%%

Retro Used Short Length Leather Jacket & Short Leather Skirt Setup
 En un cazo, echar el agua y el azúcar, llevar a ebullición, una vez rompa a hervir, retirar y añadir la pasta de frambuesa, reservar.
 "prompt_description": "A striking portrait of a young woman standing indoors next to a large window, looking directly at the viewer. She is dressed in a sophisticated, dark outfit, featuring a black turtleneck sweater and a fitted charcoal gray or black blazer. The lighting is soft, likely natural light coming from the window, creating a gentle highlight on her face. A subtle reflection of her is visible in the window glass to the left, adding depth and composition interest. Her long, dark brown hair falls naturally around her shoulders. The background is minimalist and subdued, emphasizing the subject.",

%%
%%

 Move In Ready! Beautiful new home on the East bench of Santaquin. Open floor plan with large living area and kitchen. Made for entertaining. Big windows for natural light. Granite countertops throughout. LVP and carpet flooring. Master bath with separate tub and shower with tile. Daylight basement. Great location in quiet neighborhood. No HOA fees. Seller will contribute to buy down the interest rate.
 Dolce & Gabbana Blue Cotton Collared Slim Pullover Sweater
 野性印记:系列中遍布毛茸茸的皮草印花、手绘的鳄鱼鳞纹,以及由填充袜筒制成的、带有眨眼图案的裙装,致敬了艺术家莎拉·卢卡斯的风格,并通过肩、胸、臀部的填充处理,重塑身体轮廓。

%%

▸ Problem requirements
The lines above from the one with "Dolce & Gabbana" through the one with "野性印记:系列中遍布毛茸茸的" are to be duplicated exactly, ends included, with nothing added.

▸ Solution for this problem
 Dolce & Gabbana Blue Cotton Collared Slim Pullover Sweater
 野性印记:系列中遍布毛茸茸的皮草印花、手绘的鳄鱼鳞纹,以及由填充袜筒制成的、带有眨眼图案的裙装,致敬了艺术家莎拉·卢卡斯的风格,并通过肩、胸、臀部的填充处理,重塑身体轮廓。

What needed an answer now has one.